5. The method of claim 1, comprising shredding the rubber before grinding.

6. The method of claim 1, comprising monitoring the moisture content of the rubber.

7. The method of claim 1, wherein moisture content of said rubber is about 0% to about 1% after drying.

8. The method of claim 1, wherein moisture content of said rubber is about 0% to about 0.8% after drying.

9. The method of claim 1, wherein moisture content of said rubber is about 0% to about 0.5% after drying.

10. The method of claim 1, wherein the rubber extruded from the extruder is at a temperature from about 210 degrees F. to about 240 degrees F.

11. The method of claim 1, wherein the rubber extruded from the extruder is at a temperature from about 215 degrees F. to about 235 degrees F.

12. The method of claim 1, wherein the rubber extruded from the extruder is at a temperature from about 220 degrees F. to about 230 degrees F.

13. The method of claim 1, further comprising bailing the rubber.

14. Recycled rubber produced by the process of any of claim 1.

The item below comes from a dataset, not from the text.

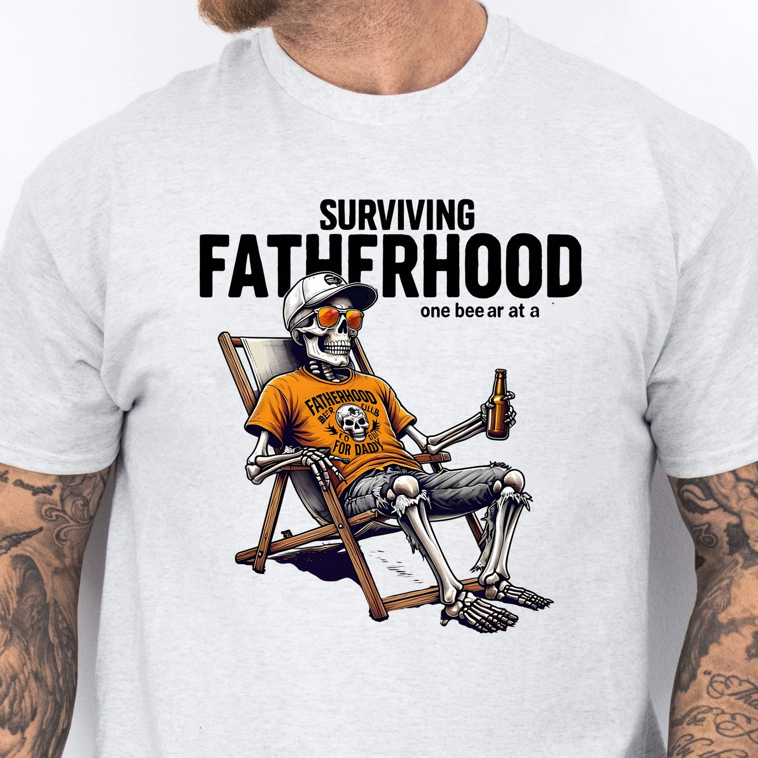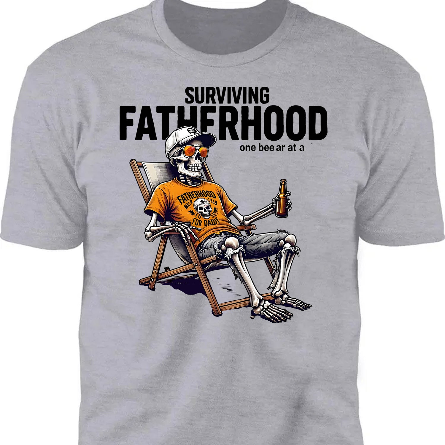 Raise a cold one to all the dads out there just trying to survive fatherhood—one beer at a time! This hilarious tee features a laid-back skeleton dad kicking back with a drink in hand, wearing shades and an “Official Fatherhood Survival Gear” shirt. It's the perfect gift for dads who’ve seen it all and lived to laugh about it. Great for Father’s Day, birthdays, or just because Dad deserves a cold beer and a break.
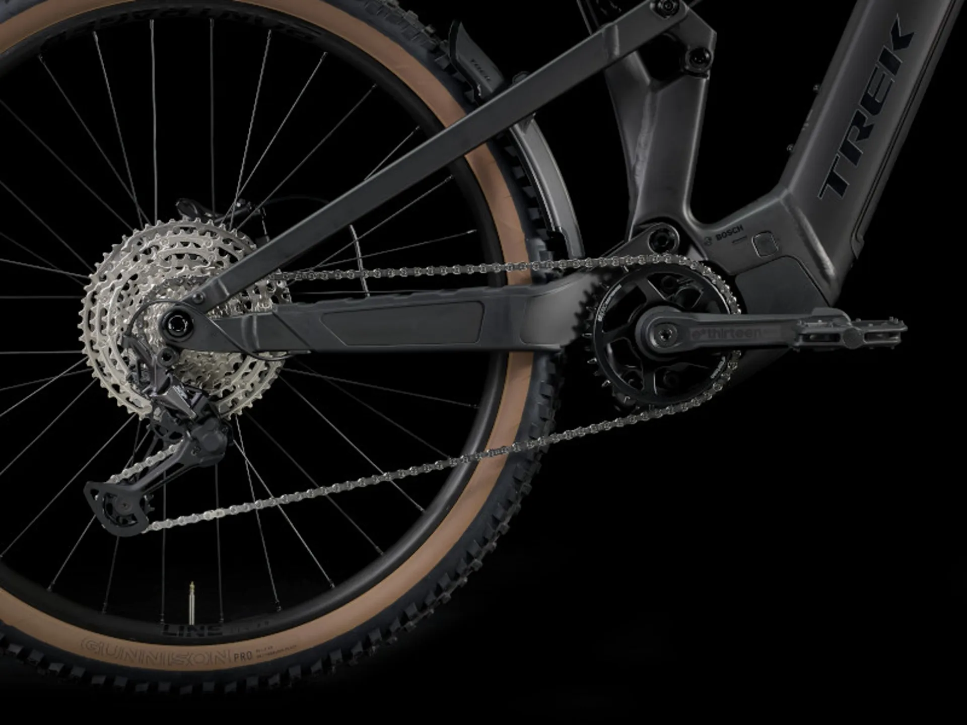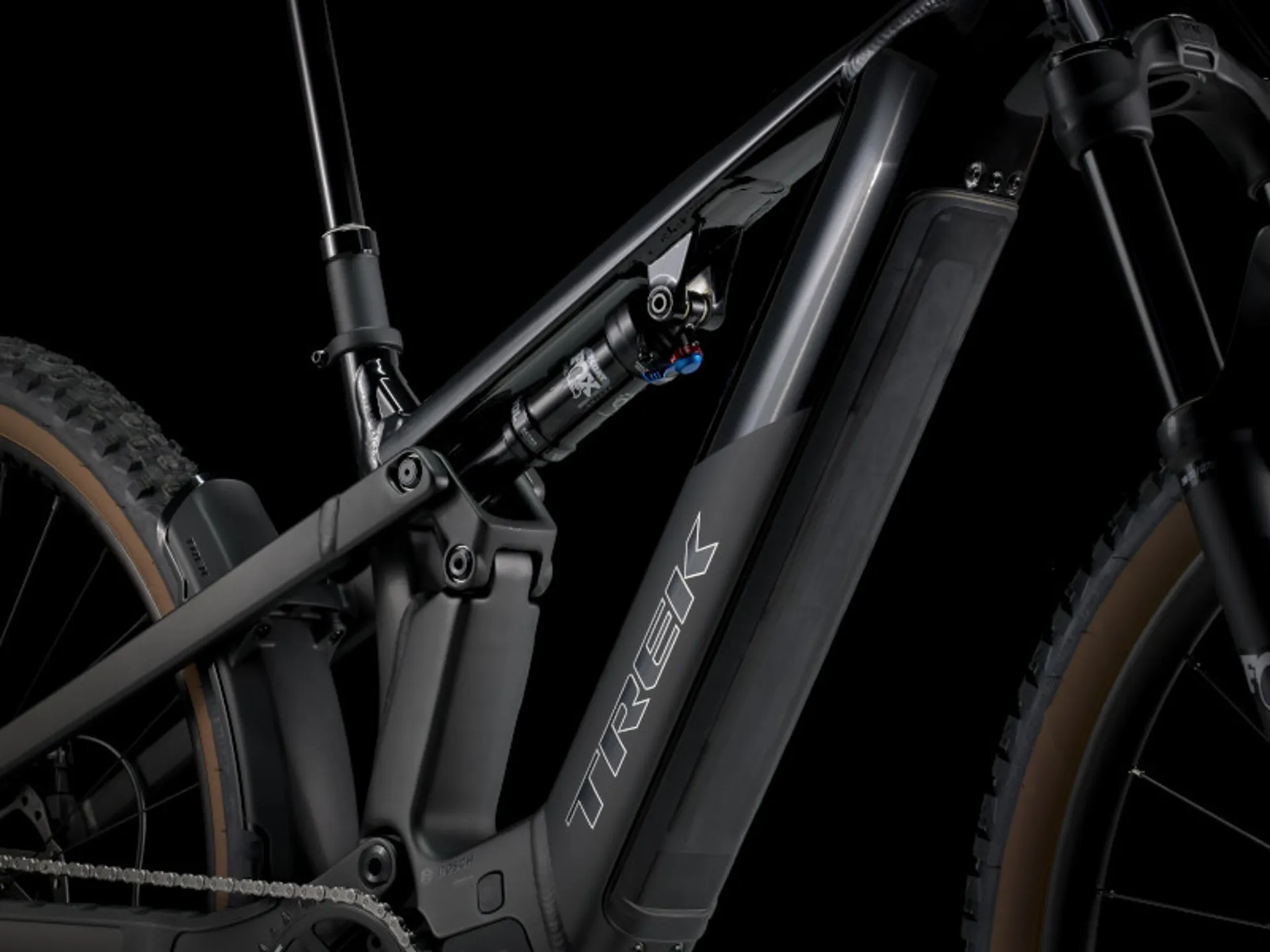 The tech you get - An Alpha Platinum Aluminium frame with a Bosch Performance Line CX motor (85 Nm, 250 W), a huge 800 Wh PowerTube RIB 2.0 removable integrated battery and Purion 200 controller. 130 mm front and 120 mm rear suspension from a FOX Float AWL fork with an air spring and RAIL 2.0 damper and a FOX Float Rhythm shock. Tubeless-ready wheels with puncture-resistant 2.4˝ tyres, a 12-speed Shimano SLX drivetrain for clean shifts, a Bontrager Line dropper post and hydraulic disc brakes.

15. A system for recycling rubber comprising:

(a) at least one grinder;

(b) at least one vertically-oriented dryer;

(c) at least one compressor; and

(d) at least one extruder.

16. The system of claim 15, further comprising at least one steel belted conveyor and shrouded fans, wherein said at least one steel belted conveyor is configured to receive rubber from said extruder.

17. The system of claim 15, further comprising at least one of the group consisting of a t least one shredder, at least one moisture monitor, at least one bailer, and at least one heating jacket surrounding at least a portion of the at least one vertically-oriented dryer, wherein the at least one vertically-oriented dryer is capable of operating at ambient pressure, and combinations thereof.

18. The system of claim 15, wherein the at least one extruder is configured to extrude rubber at a temperature from about 210 degrees F. to about 240 degrees F.

19. The system of claim 15, wherein the at least one extruder is configured to extrude rubber at a temperature from about 215 degrees F. to about 235 degrees F.

20. The system of claim 15, wherein the at least one extruder is configured to extrude rubber at a temperature from about 220 degrees F. to about 230 degrees F.